Oliver also cautions parents to avoid the labels and messages that can go with emphasizing achievement — like “you’re so smart,” “you’re so talented,” or “you’re a genius.” For example, when commenting on a test taken at school, a child might say, “I did the best I could, but I didn’t do amazing.” The child is labeling her effort and basing her confidence on trying to achieve “amazing.”
So how should a parent react? Oliver advises parents to “focus on the struggle.”
“If the parents can say, ‘This is tough and I know you’re working hard,’ without labeling it good or bad,” he says.
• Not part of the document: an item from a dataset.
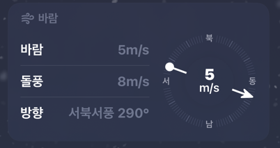 5 A.M, 평균 풍속은 5m/s (순간 풍속 8m/s)
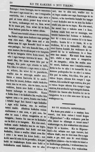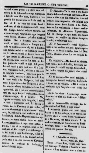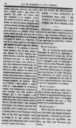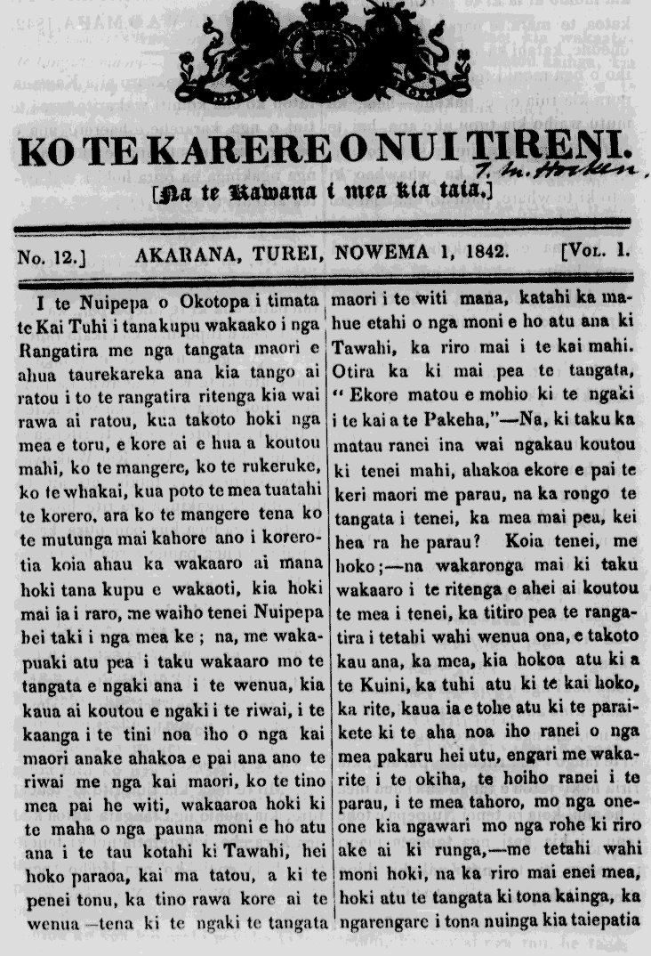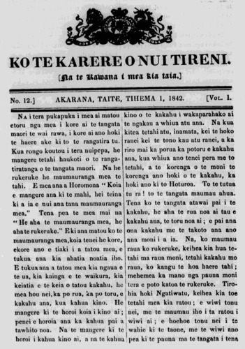 KO TE KARERE O NUI TIRENI. No 12 AKARANA TUREI NOWEMA 1, 1842. VOL. 1. I te Nuipepa e Oketopa timata te Kai tuhi tana kupu wakaako i nga Rangatira me nga tangata maori e ahu, taurekareka ana kia tango ai ratou i to te rangatira ritenga kia wai rawa ai ratou, kua takoto hoki nga mea e toru e kore ai hua e koutou mahi ko te mangere, ko te rukeruke, ko te whakai, kua poto te mea tuatahi te korero ara ko te mangere tena ko te mutunga mai kahore ano i korerotia koia ahau ka wakaaro ai mana hoki tana kupu e wakaoti kia hoki mai ta raro me waiho tenei Nuipepa hei taki i nga mea ke; na, me wakapuaki atu pea taku wakaaro mo te tangata e ngaki ana te wenua, kia kaua ai koutou e ngaki i te riwai, i te kaanga i te tini noa iho o nga kai Maori anake ahakoa e pai ana ano te riwai me nga kai maori, ko te tino mea pai te wai wakaaroa hoki ki te maha o nga patua moni he atu ana te tau kotahi ki Tawahi hei hoko paraoa, kai ma tatou, e ki te penei tonu, ka tino rawa kore ai te wenua tena ki te ngaki te tangata maori i te witi mana, katahi ka mahue etahi o nga moni e ho atu ana ki Tawahi ka riro mai te kai mahi. Otira ka ki mai pea te tangata, Ekore matou e mohio ki te nga h te kai a te Pakeha Na, ki taku ka matau ranei ina wai ngakau koutou. ki tenei mahi, ahakoa ekore e pai te keri maori me Parau, na ka rongo te tangata tenei ka mea mai pea, kei hea ra te parau? Koia tenei me hoko na wakaronga ma, ki taku wakaaro i te ritenga e ahei ai koutou te mea tenei, ka titiro pea te rangatira tetahi wahi wenua tana e takoto kau ana ka mea kia hokoa atu ki a te Kuini ka tuhi atu ki te kai hoko ka rite, ka ia e tohe atu ki te paraikete ki te aha noa iho ranei o nga mea pakaru hei utu engari me wakarite te okiha, te hoiho ranei i te parau i te mea tahoro mo nga oneone kia ngawari rohe ki riro ake ai ki runga me tetahi wahi moni hoki, na ka riro mai enei mea hoki atu te tangata ki tona kainga, ka ngarengare tona nuinga kia taiepatia

Alternatively, when parents dismiss a child’s concerns with, “Oh, you did great,” or “Don’t worry about it,” a child feels like the parent doesn’t understand, recognize or value her effort.
Shifting from success to resilience
Favoring progress over achievement can be difficult for parents, who are also bombarded with messages that their own worth is directly tied to the measurable and perceived success of their kids.
A recent study of more than 40,000 college students from the U.S., Canada and the U.K. reports in part that “pressure to raise successful children in a culture that emphases monetary wealth and social standing has several consequences for the behavior of parents.”
Foremost, there’s evidence that recent generations of parents are responding to pressure by spending far more time with their children on academic activities. At the same time, the report found parents spending less time with kids on hobbies and leisure activities, while parental control and micromanaging has increased.
“For parents, I would say to start shifting their thinking away from taking their child’s outcomes personally,” Oliver says. “I’ve had parents say, ‘It’s my job, my responsibility to set up my child for future success.'”
He understands that perspective from his own experience as a parent, too. Still, guiding your daughter to take responsibility for her actions, to learn from her failures, helps her become more resilient.
While there’s no big award at the school assembly or grade for “most resilient,” helping girls develop the ability to learn from their failures and to take risks without knowing the outcome can go a long way toward them becoming independent, self-sufficient women. And as a parent of a daughter, isn’t that the ultimate definition of success for your child?